According to the latest AI news, researchers at Plymouth University trained artificial neural networks (ANN) in order to recognize alien life on other planets. Plymouth University’s Centre for Robotics and Neural Systems used ANNs that make use of similar learning techniques to the human brain for estimating the probability of alien life.
The researchers hope that the technology can be used aboard robotic spacecraft on alien-hunting space missions. Christopher Bishop, a Ph.D. student in the University who led this research said: “We’re currently interested in these ANNs for prioritizing exploration for a hypothetical, intelligent, interstellar spacecraft scanning an exoplanet system at a range.”
He further added saying “We’re also looking at the use of the large area, deployable, planar Fresnel antennas to get data back to Earth from an interstellar probe at large distances. This would be needed if the technology we used in robotic spacecraft in the future.”
This AI technology works by classifying planets into five main categories, in order to determine whether they are most similar to modern-day Earth, early Earth, Mars, Venus or Saturn’s moon Titan. After classifying a planet, the neural network makes use of a “probability of life” metric based on the profile of five target types.
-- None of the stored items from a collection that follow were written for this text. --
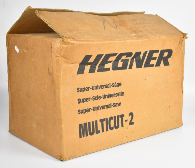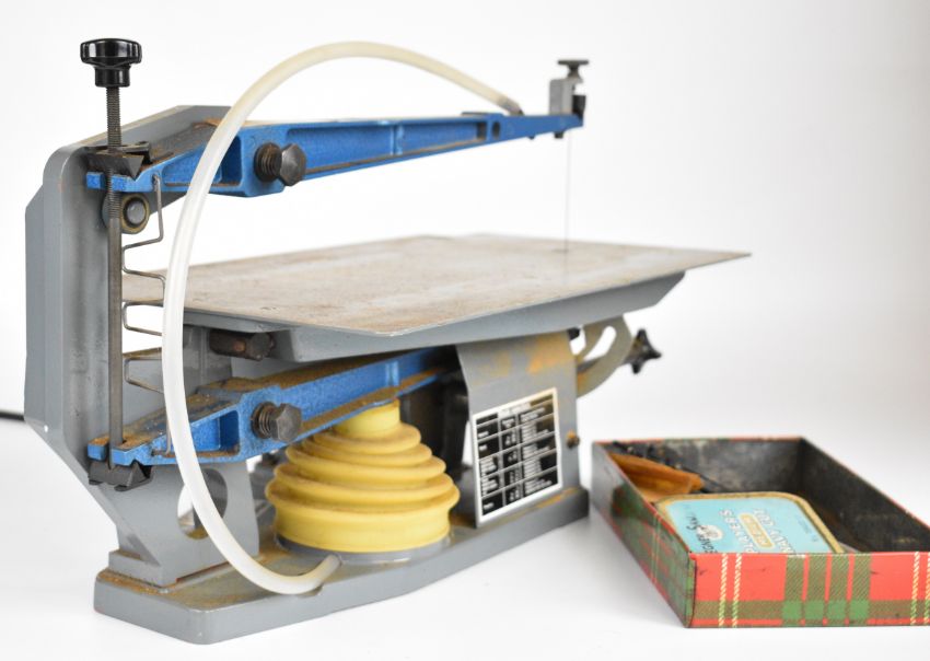 Hegner fretsaw with replacement steel table added by the vendor for cutting metal so the swarf doesn't dig in, in original box
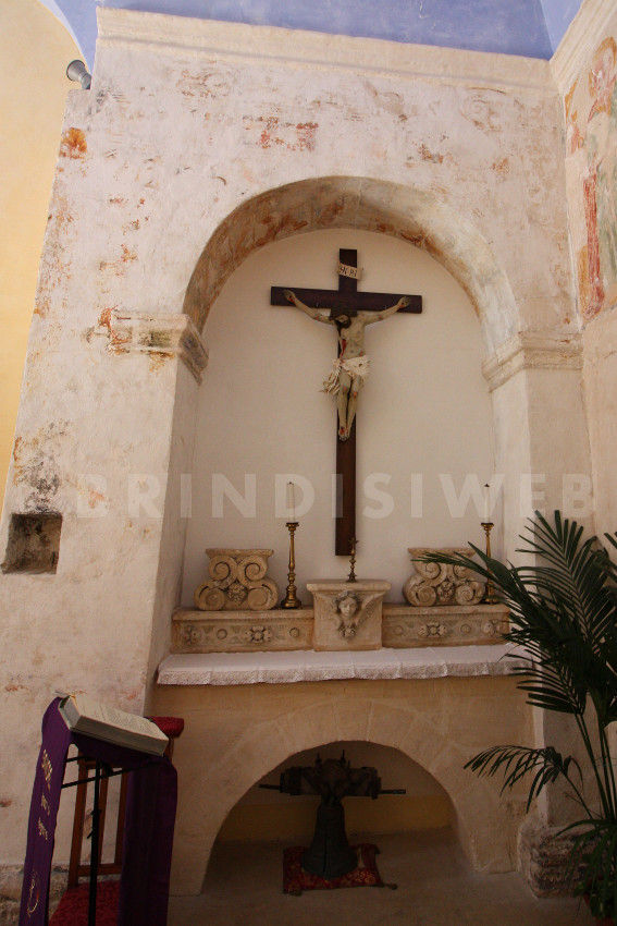 In controfacciata è un’ acquasantiera lapidea, a muro, databile al tardo ‘500 o ai primi del ‘600, dalla vasca circolare ornata da baccellature. Sull’attuale parete di fondo un altare in pietra sei – settecentesco, attuale altar maggiore, in un’ ampia arcata ricavata nel muro, in cui pure sono collocate le rappresentazioni scultoree di due cherubini a figura intera, conserva una decorazione pittorica più antica tardo cinquecentesca o dei primi del seicento, raffigurante una Madonna del Rosario. Tale rappresentazione, chiaro rimando alla battaglia di Lepanto, interdetta alla vista dagli interventi settecenteschi, è stata recuperata nel 1982; così è descritta da Marco Fina: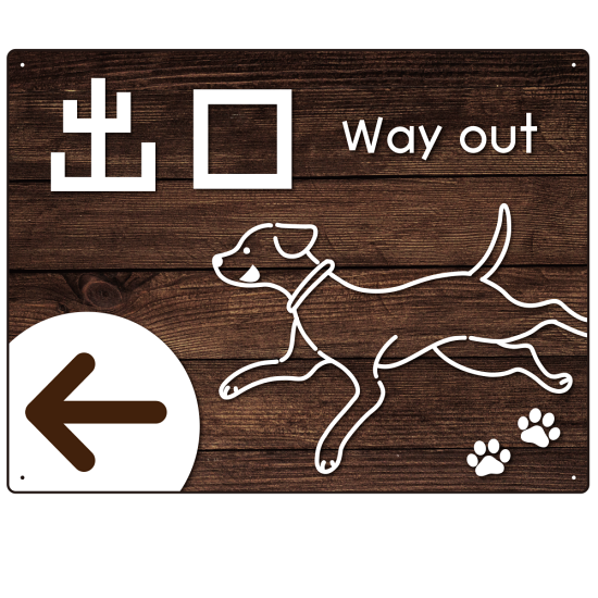 商品説明:ペット施設向け 木目調案内板 オリジナルプレート看板 出口/左矢印 W600×H450 エコユニボード(SP-SMD798BL-60x45U)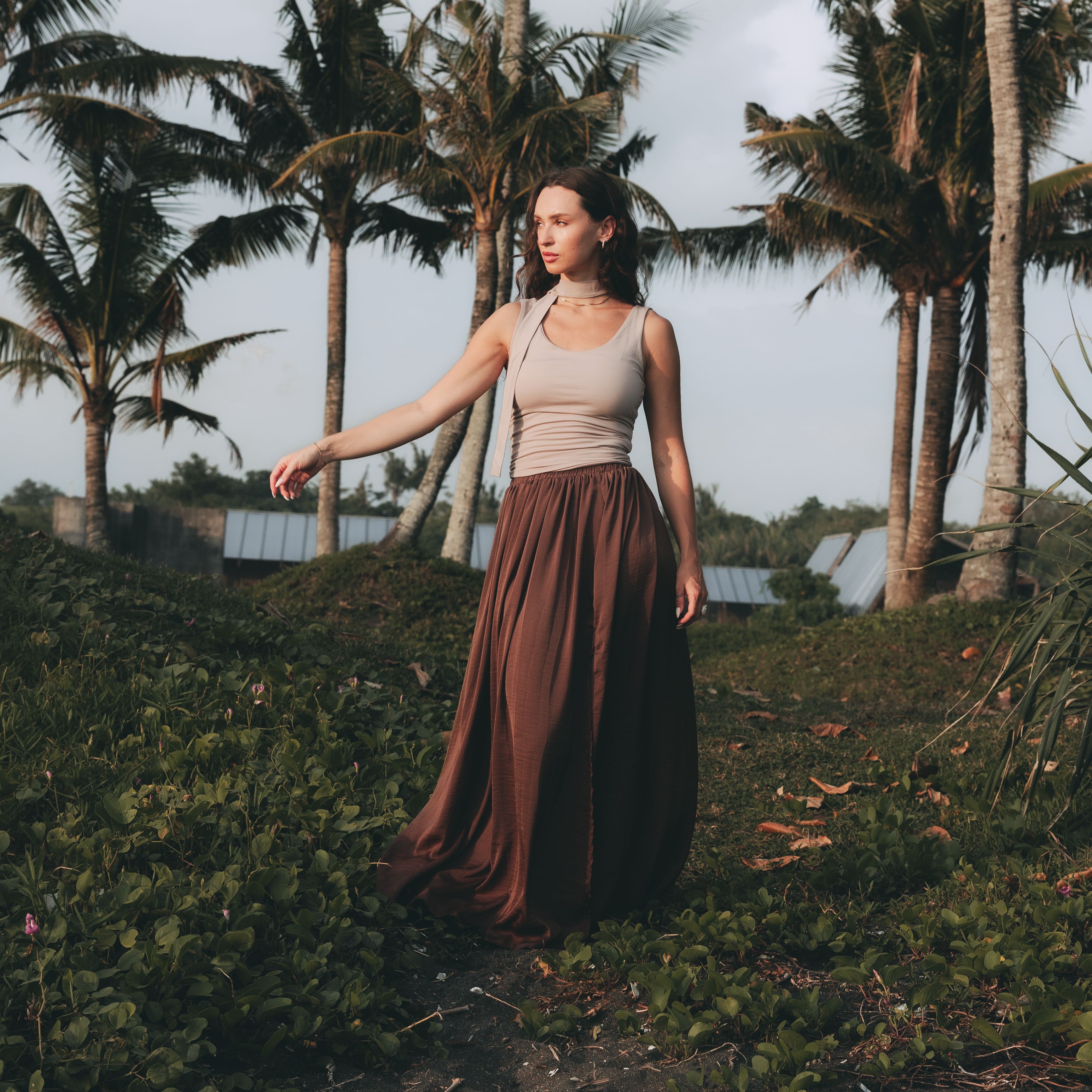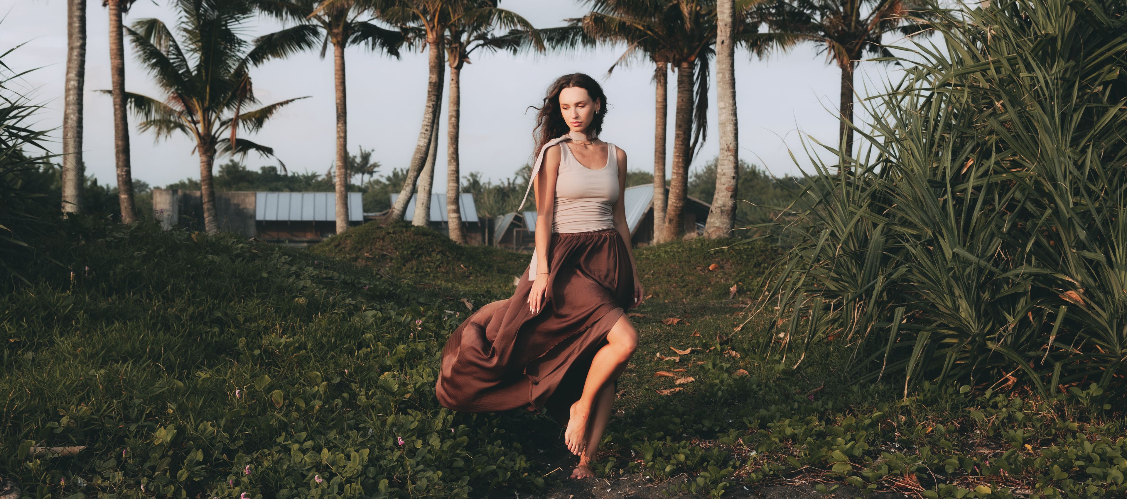 Tento outfit je naší srdeční záležitostí a čistou esencí nespoutaného Bali. Propojili jsme v něm luxusní maxi sukni Reta s rafinovaným topem Adia s odhalenými zády. Zkombinujte k nim i naši stylovou tašku Leya a jste připravena vyrazit do ulic. Vytvořili jsme tak harmonii, která vám dodá naprostou jistotu na důležité schůzce i při uvolněném nedělním brunchi. A když letní podvečer mírně ochladne? Stačí přes ramena nonšalantně přehodit top Atai.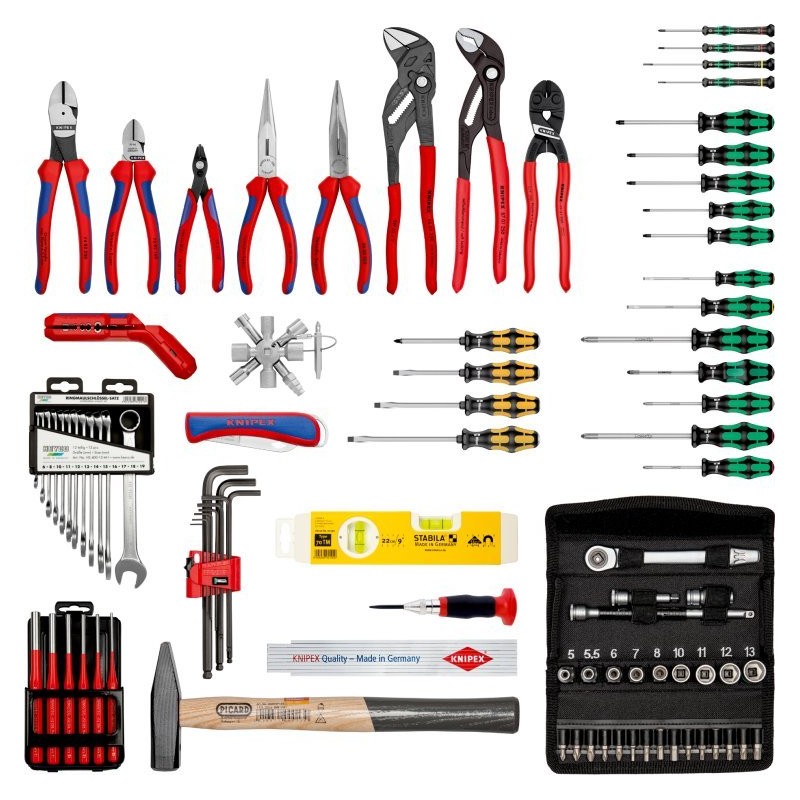 - 1 x punktak, 1 x szczypce do cięcia bocznego, 1 x Knipex CoBolt kompaktowe szczypce tnące (Ø 5,2 mm), 1x Obcęgi boczne, 1x Szczypce tnące do elektroniki Super Knips XL, 1x Szczypce i klucz w jednym narzędziu, 1 x szczypce do pomp wodnych KNIPEX Cobra, 1 x zestaw wybijaków Rennsteig (Ø 3 mm / 4 mm / 5 mm / 6 mm / 8 mm / 10 mm) , 1 x Drewniana miarka składana Stabila typ 1607 biała, 2 m., 1 x poziomica Stabila Typ 70TM (22 cm), 1 x miarka składana Knipex Stabila 400 (200 mm), 1 x młotek (300 g), 1 x zestaw kluczy Wera (1,5 - 10 mm), 1 x Zestaw nasadek Wera Zyklop Metal 8100 SA 8 28 sztuk (1/4), 1 x wkrętak płaski Wera 335 (0,6 x 3,5 x 100 mm), 1 x wkrętak krzyżakowy Wera 350PH (PH1 x 80 mm), 1 x wkrętak krzyżakowy Wera 350PH (PH3 x 150 mm), 1 x wkrętak krzyżakowy Wera 355PZ (PZ1 x 80 mm), 1 x wkrętak do wkrętów z rowkiem krzyżowym Wera 355PZ (PZ2 x 100 mm), 1 x wkrętak do wkrętów z rowkiem krzyżowym Wera 355PZ (PZ3 x 150 mm), 1 x wkrętak do wkrętów z rowkiem krzyżowym Wera 355PZ (PZ3 x 150 mm), 1 x wkrętak Wera do wkrętów z rowkiem 2035 (0,4 x 2,5 x 80 mm), 1 x wkrętak krzyżakowy Wera 917 SPH (PH2 x 100 mm), 1 x wkrętak Wera Micro PH00 (PH00 x 60 mm), 1 x wkrętak płaski Wera 932A (5,5 x 100 mm), 1 x śrubokręt płaski do podbijania Wera 932 A (1,2 x 7,0 x 125), 1 x śrubokręt płaski do podbijania Wera 932 a (1,6 x 9,0 x 150), 1 x wkrętak Wera TX 10x80 367, 1 x wkrętak Wera TX 15x80 367, 1 x wkrętak Wera TX 20x100 367, 1 x wkrętak Wera TX 25x100 367, 1 x wkrętak Wera TX 30x115 367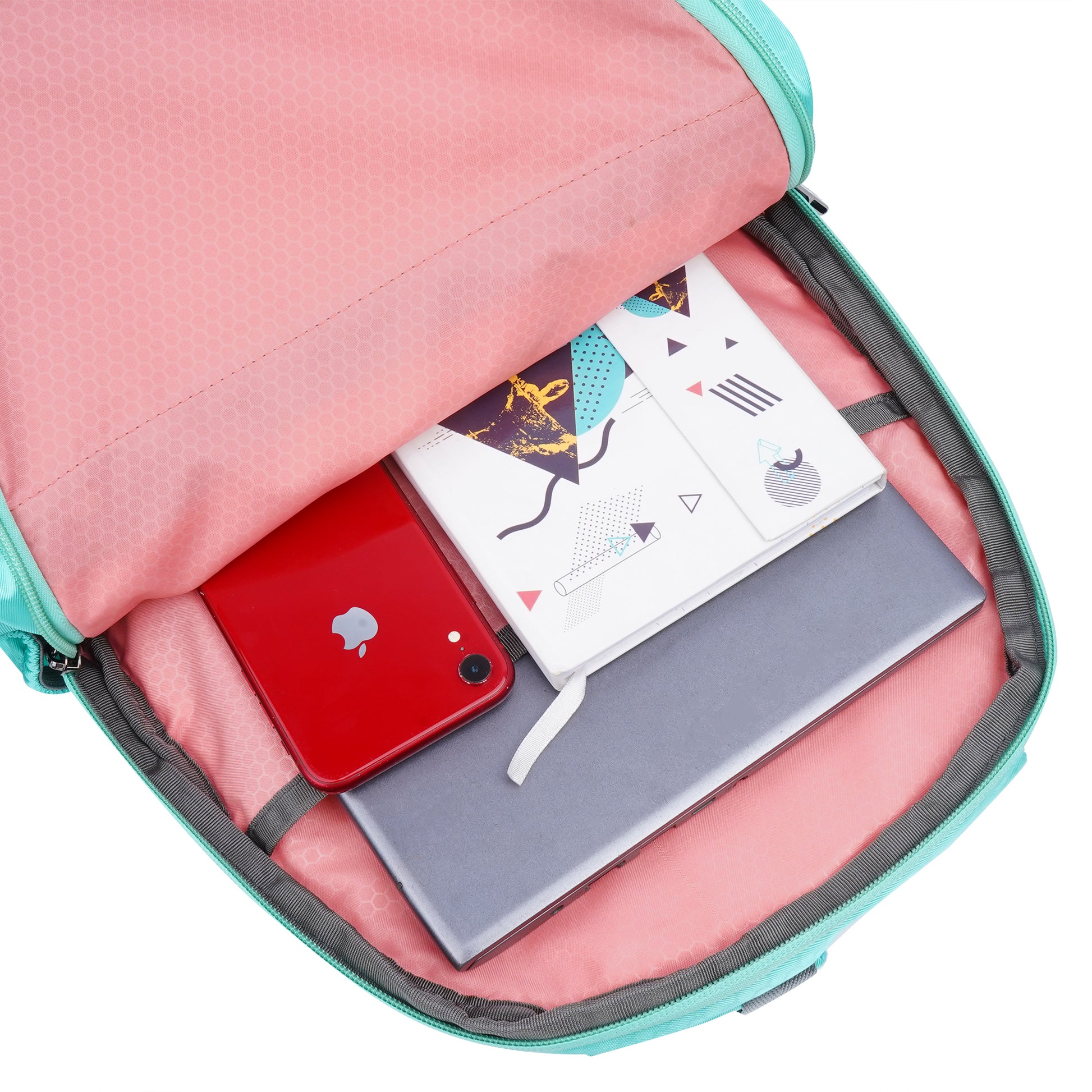 It has 2 main compartments, 1st with organizer 2nd for your files, documents or any other items like tiffin and padded Laptop and(max size 14 inches). In front there is 1 other pocket for easy access items. There are 2 pockets for bottle. Mesh padding on back & shoulder straps for superior comfort to reduce the load on the shoulders. At back there is provision for attaching bag to trolley using trolley strap.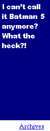 From now on, Warner Bros doesn't want people to call Batman 5 "Batman 5". They do not see it as a sequel and a continuation to the franchise. Apparently, the series will be starting over from the beginning, which gives proof to Batman: Year One being the movie. I, for one, think this is a good move because it would bring back all the classic villains killed in the first 3 Bat films.

Since currently life is only known to exist on planet earth; the classification uses a “probability of life” metric, which is based on the relatively well-understood orbital and atmospheric properties of the five target types. Given the increase in spectral detail expected from upcoming space missions, the technique may also be ideally suited for selecting the target for future observations. The work was presented at the European Week of Astronomy and Space Science in Liverpool during early April.